Jeszcze dwa tygodnie temu GKS Katowice był liderem I ligi. Jednak w dwóch poprzednich spotkaniach GieKSa musiała uznać wyższość Drutex-Bytovii Bytów i Wigier Suwałki. W dodatku w starciu z ekipą z Podlasia katowiczanie stracili trzy bramki. W tym sezonie GKS ani razu nie dał sobie wbić tylu goli.
- Nie tak sobie wyobrażaliśmy to spotkanie. Kluczowym momentem była stracona bramka na początku drugiej połowy. Graliśmy dobrą piłkę, stwarzaliśmy sytuacje, ale to rywale zdobyli gola. Końcówka pierwszej połowy była w naszym wykonaniu bardzo dobra, a w przerwie uczulaliśmy się na to, jak straciliśmy bramkę - powiedział trener GKS-u, Jerzy Brzęczek.
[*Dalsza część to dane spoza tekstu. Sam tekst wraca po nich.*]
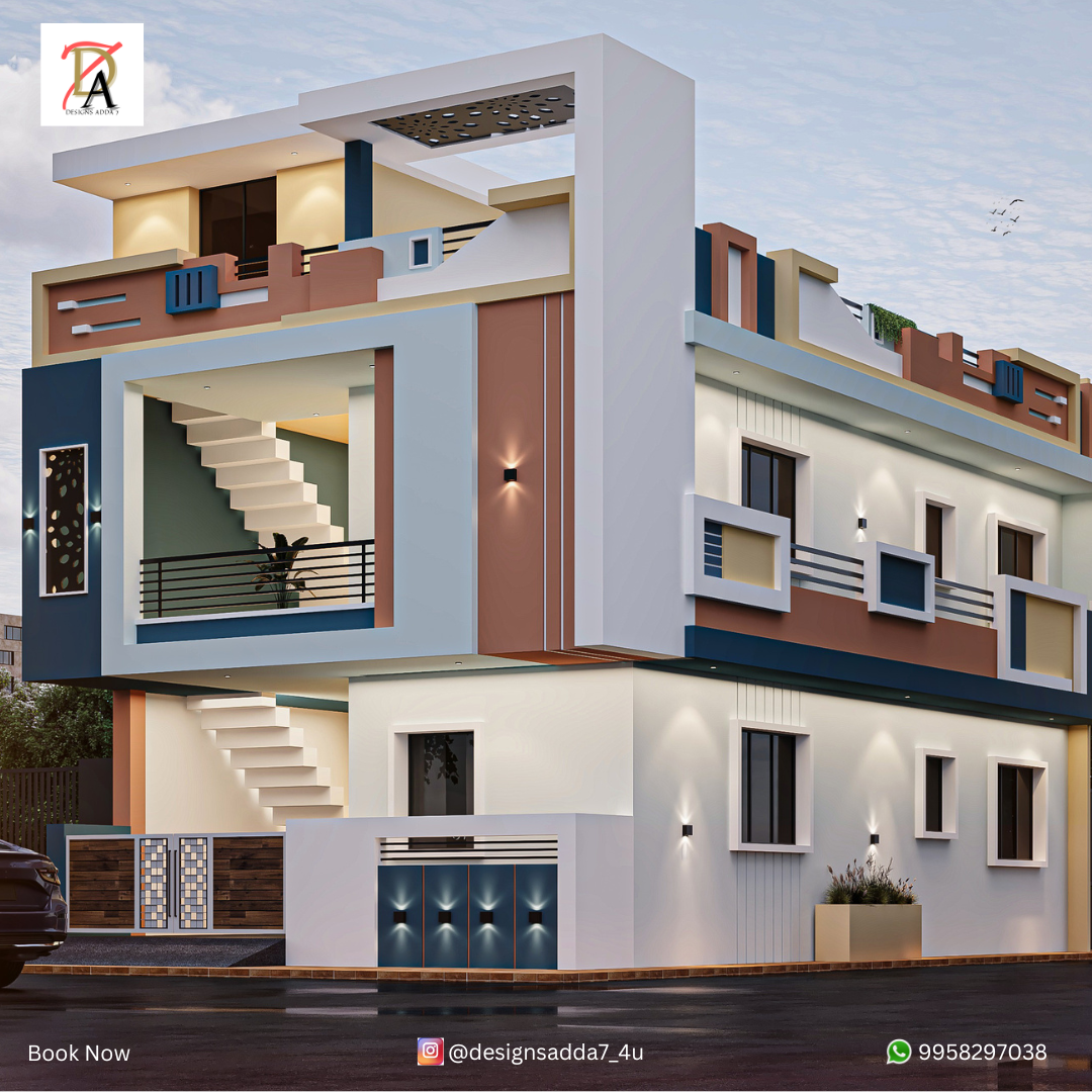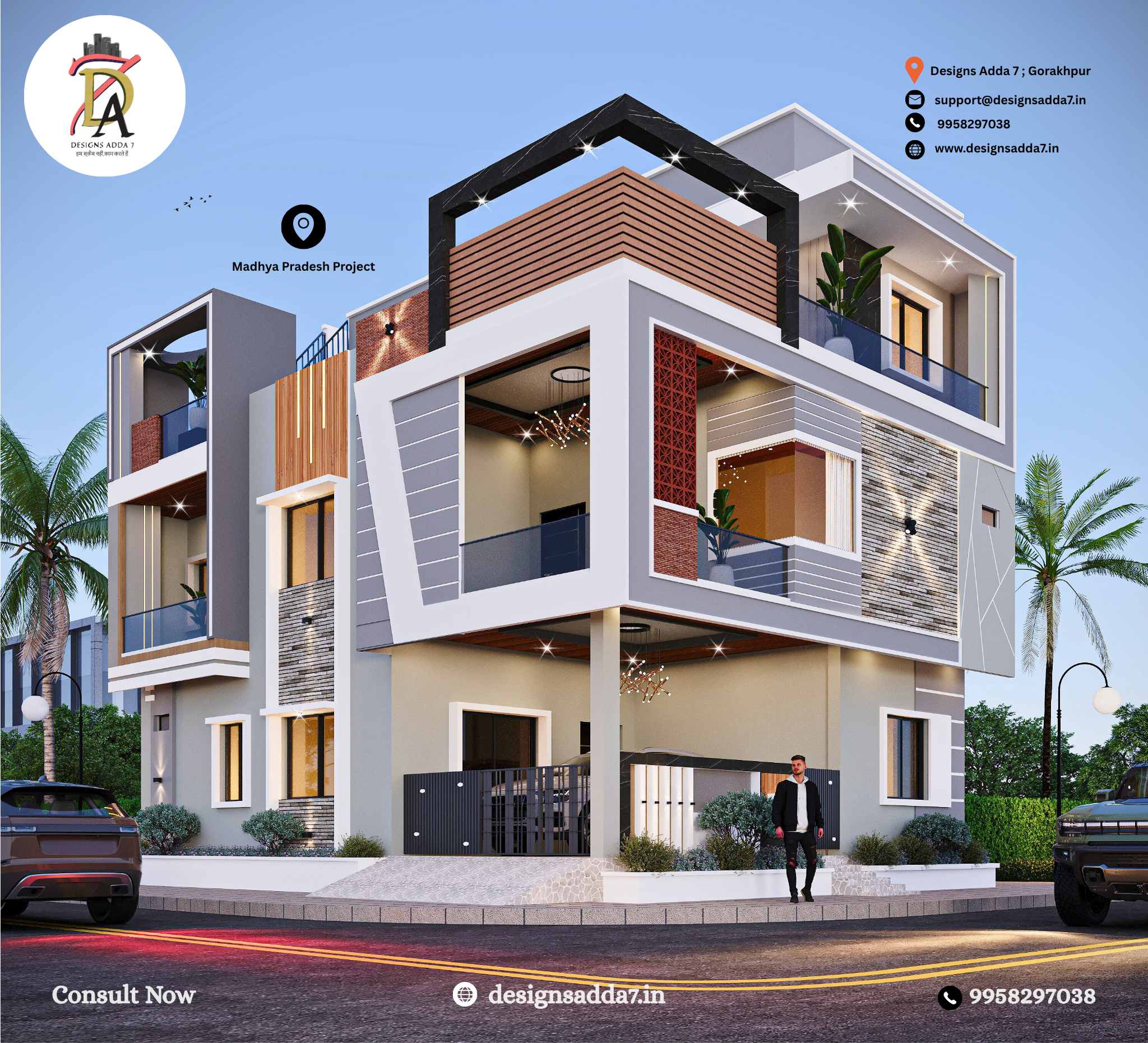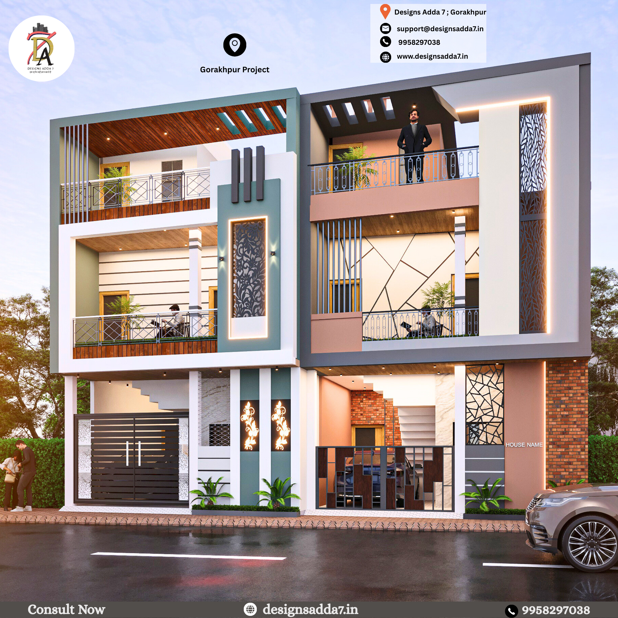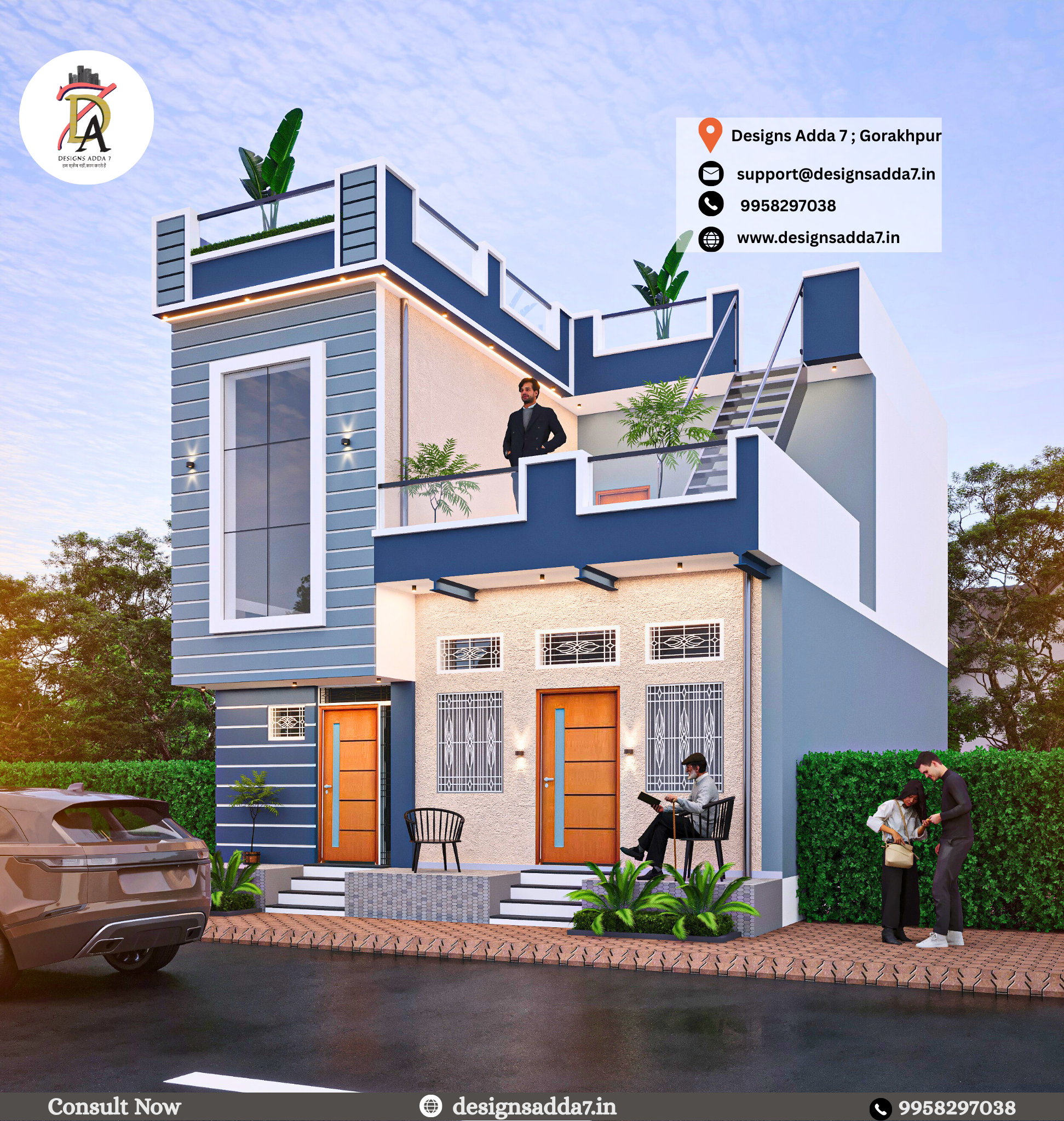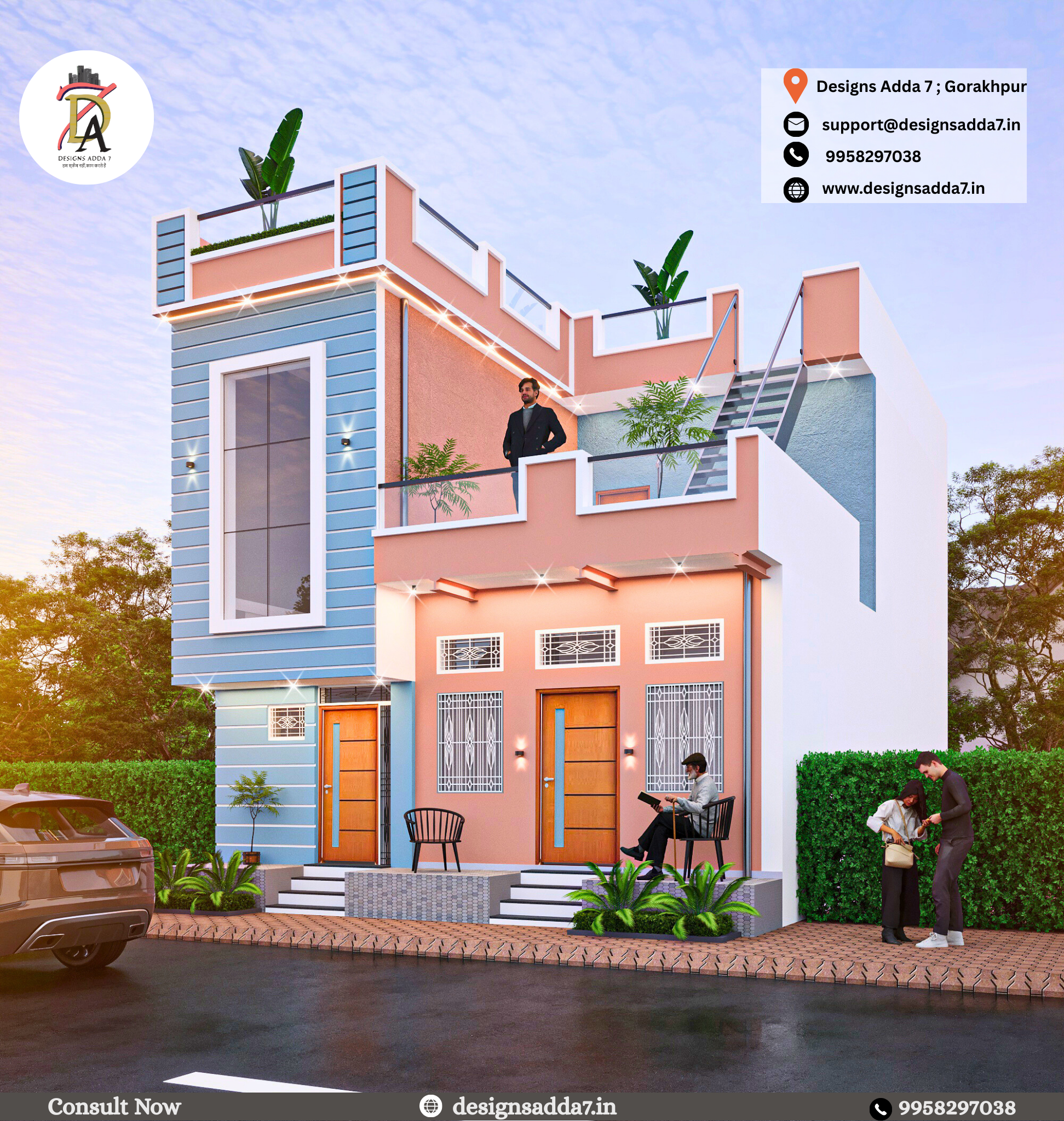 Our G+1 Gorakhpur corner elevation project is designed to impress! With a striking façade, modern materials, and a thoughtfully planned layout, it delivers a bold architectural statement. The corner design maximizes visibility, enhancing aesthetics while ensuring effortless construction. A perfect blend of style and functionality, making it truly a "wow" factor for clients.

Katowiczanie tym razem nie popisali się w obronie i nie uniknęli błędów. - Denerwujące jest to, że trzy bramki straciliśmy po identycznych sytuacjach. Spodziewaliśmy się tego, uczulaliśmy zawodników. Jest to rozczarowujące, bo byliśmy na to przygotowani, ale pomimo tego daliśmy sobie strzelić trzy gole - przyznał Brzęczek.
GieKSie brakowało również skuteczności pod bramką przeciwnika. - Wigry wychodziły z kontrami i była to dla nas trudna sytuacja. Przy stanie 2:1 mieliśmy sytuacje na wyrównującą bramkę. Zabrakło szczęścia. W końcówce strzeliliśmy gola, który już nam nic nie dawał - ocenił Brzęczek.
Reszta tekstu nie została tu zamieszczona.